カテゴリー別アーカイブ: PDF の仕様

続・OCRのよもやま話

先日、JR東海から2027年度に開業が予定されるリニア新幹線の概要が発表されました。多くのメディアで取り上げられましたので興味を持って見られた方も多かったのではないでしょうか?
弊社の伊那支店がある長野県南部にもリニア新幹線の新駅ができる計画で、地元紙でも大々的に記事が掲載されました。

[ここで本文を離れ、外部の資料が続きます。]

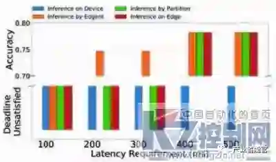 图6记录了深度学习模型不同的推理方式在不同的时延需求下的性能比较。在非常低的时延需求(100ms)下,这四种方法都不能满足需求。随着时延需求的上升,在200ms到300ms之间,本文框架的深度学习模型推理要比其他方法更早地实现工作。
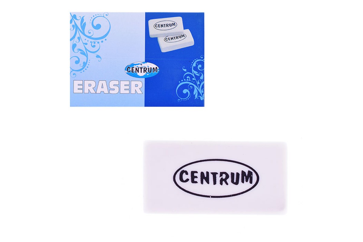Ластик белый прямоугольный из синтетического каучука, размер 40х20х10мм.

これまで夢としてしか語られなかったことがにわかに現実味を帯びてきたことで、谷あいののどかな地方にこれからどのような風が吹きこむのか、住人としても目が離せない気がします。

閑話休題。

昨年の7月頃に『OCRのよもやま話』という記事を書きました。
今回はその続きということで、OCRにまつわる話題をいくつか追加したいと思います。

OCRと解像度

OCRとは、Optical Character Recognition(あるいはReader)の略で、紙に印刷された文字をイメージスキャナなどで読み取り、画像化された情報から文字情報を抽出する技術であることを以前の記事でご紹介しました。

OCRで文字を正確に取り出すために必要な要素を考えると、おおよそ以下の点が挙げられると思います。

  1. 元になる原稿の状態が良好であること(文字が鮮明で、紙に汚れや皺がないなど)
  2. 適切な解像度でスキャンされていること
  3. OCRソフトが適切な性能であること

このうち、2)の「解像度」について取り上げます。

OCRで使う解像度はスキャナなどで取り込む画像の品質を表すもので、dpi(ディーピーアイ)という単位を使います。これは、1インチ(2.54cm)の間隔にどれだけ物理的な点(画素)が配置されているかを示すもので、同じ大きさの画像で比べた場合は、解像度の値が大きいほど高精細な画像が得られます。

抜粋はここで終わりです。